▶ **Try it**
Lines with the word "para" are the answer; copy each of them from the data below.

▶ **Given information**
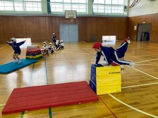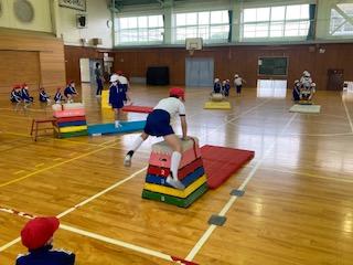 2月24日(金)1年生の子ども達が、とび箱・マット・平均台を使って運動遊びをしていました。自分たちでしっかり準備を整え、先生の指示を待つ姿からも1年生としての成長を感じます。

---

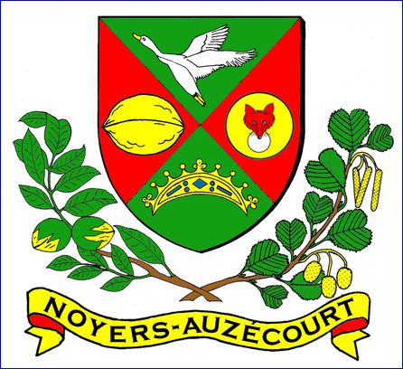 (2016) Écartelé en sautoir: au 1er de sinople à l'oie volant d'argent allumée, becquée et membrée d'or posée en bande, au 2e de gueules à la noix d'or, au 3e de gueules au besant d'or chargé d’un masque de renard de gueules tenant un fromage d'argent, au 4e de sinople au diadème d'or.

--

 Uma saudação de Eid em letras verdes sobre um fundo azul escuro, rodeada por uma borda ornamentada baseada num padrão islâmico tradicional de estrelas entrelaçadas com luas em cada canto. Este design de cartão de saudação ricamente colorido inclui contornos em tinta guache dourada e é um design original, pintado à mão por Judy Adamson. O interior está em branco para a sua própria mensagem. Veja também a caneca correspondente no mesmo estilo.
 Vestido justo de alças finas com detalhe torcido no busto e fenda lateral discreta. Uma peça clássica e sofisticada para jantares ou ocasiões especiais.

▶ **Answer for this exercise**
 Uma saudação de Eid em letras verdes sobre um fundo azul escuro, rodeada por uma borda ornamentada baseada num padrão islâmico tradicional de estrelas entrelaçadas com luas em cada canto. Este design de cartão de saudação ricamente colorido inclui contornos em tinta guache dourada e é um design original, pintado à mão por Judy Adamson. O interior está em branco para a sua própria mensagem. Veja também a caneca correspondente no mesmo estilo.
 Vestido justo de alças finas com detalhe torcido no busto e fenda lateral discreta. Uma peça clássica e sofisticada para jantares ou ocasiões especiais.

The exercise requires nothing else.